A former San Diego County sheriff’s deputy who fatally shot a man he saw escape from a patrol car was sentenced on Monday to three years probation and a year in prison.

Aaron Russell, 25, pleaded guilty last month to intentional homicide in the shooting death of Nicholas Bils in May 2020.

Superior Court Judge Francis Devaney also ordered a three-year suspended sentence, which means that if Russell violates the terms of probation, he could be sent to prison, the San Diego Union-Tribune reported.

The prosecutor had requested a six-year sentence behind bars.

Russell’s year in custody could be served in the county jail, but can be served under a furlough program, if approved.
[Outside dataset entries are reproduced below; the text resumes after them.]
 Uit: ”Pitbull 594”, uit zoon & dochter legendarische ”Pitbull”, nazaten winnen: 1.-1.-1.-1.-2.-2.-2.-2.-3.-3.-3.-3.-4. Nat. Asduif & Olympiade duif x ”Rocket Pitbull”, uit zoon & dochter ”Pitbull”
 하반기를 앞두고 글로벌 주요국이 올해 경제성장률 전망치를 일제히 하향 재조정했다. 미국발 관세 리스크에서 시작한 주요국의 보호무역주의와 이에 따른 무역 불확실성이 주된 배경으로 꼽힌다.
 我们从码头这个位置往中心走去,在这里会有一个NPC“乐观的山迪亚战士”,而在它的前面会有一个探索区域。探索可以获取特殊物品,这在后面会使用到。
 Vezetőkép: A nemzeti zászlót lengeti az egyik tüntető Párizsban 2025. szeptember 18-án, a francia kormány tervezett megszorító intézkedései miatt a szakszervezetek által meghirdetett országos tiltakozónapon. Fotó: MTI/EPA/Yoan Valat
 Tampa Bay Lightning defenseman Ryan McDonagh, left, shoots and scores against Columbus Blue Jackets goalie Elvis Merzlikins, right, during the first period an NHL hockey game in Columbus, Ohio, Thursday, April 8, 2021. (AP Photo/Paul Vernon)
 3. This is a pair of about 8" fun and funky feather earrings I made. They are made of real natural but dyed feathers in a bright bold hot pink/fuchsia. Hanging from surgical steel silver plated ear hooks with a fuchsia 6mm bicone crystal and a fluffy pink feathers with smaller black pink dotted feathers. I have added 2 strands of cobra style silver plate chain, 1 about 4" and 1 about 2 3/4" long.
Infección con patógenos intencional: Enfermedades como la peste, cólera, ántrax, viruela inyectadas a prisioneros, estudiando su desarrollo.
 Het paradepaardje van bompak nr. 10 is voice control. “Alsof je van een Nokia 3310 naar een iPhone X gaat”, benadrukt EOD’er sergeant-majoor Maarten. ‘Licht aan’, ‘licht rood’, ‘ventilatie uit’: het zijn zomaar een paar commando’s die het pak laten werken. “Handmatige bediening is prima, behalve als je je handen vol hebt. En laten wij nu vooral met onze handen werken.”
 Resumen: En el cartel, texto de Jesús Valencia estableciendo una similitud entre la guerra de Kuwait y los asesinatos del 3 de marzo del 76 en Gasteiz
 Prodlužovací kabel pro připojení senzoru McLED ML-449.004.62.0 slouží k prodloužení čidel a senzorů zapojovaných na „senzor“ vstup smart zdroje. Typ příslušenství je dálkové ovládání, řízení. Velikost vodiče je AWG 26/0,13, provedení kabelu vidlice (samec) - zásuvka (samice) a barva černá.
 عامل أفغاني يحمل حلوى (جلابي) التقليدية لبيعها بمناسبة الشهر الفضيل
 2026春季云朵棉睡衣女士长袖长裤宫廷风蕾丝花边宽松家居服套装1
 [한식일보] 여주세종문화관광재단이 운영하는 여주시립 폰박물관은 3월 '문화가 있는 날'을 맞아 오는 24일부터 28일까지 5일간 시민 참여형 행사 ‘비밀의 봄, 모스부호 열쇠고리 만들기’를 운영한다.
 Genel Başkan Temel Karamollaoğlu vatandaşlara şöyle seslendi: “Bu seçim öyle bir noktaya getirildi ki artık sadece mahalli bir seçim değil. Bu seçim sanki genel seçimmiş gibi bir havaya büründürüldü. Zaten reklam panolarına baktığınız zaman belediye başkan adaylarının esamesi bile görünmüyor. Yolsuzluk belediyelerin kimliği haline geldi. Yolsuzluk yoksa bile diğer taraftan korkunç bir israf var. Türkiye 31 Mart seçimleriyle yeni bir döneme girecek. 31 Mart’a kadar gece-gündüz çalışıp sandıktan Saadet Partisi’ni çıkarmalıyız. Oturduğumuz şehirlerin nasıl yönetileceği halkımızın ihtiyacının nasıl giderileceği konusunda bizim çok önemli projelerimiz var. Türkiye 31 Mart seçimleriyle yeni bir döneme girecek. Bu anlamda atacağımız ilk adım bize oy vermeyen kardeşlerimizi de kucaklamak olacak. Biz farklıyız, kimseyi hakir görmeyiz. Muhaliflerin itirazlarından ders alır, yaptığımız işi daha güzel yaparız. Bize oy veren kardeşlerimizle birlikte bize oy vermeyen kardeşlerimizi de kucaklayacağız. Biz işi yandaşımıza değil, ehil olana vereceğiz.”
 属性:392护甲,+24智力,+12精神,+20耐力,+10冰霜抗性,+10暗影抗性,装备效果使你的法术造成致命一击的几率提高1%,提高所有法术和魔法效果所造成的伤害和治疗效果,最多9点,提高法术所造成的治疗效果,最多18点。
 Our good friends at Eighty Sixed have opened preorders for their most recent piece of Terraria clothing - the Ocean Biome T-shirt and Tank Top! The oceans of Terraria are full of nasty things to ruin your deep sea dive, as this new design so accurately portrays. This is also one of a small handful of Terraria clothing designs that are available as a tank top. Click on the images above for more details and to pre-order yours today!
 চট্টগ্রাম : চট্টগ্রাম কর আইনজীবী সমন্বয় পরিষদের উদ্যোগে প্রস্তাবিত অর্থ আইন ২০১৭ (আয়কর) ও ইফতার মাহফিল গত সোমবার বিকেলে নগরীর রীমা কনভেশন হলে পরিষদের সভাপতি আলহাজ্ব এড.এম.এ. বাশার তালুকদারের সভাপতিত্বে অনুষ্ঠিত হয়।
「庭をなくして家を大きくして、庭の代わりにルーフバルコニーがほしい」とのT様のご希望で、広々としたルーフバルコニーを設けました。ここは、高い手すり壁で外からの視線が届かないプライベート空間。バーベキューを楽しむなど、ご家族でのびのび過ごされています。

Bils’ mother, Kathleen Bils, walked out of the courtroom when she heard the judge’s ruling, KPBS-TV reported.

Outside of court, Bils’ cousin Amber Barnett called the sentence “shameful” and said it “sends the message to law enforcement that they can shoot someone in the back and maybe get a year in jail.”

Russell was a deputy with 18 months on the force when he saw Bils, 36, escape from a state park patrol car. He shot Bils in the back as he fled.

In his plea agreement, Russell admitted that he “unreasonably believes that I or anyone else is in imminent danger of being killed or suffering serious bodily harm”.

“In fact, but unreasonably, I believed that the immediate use of deadly force was necessary to defend against danger,” Russell said.

Kathleen Bils sued Russell and County in federal court, alleging excessive force and wrongful death.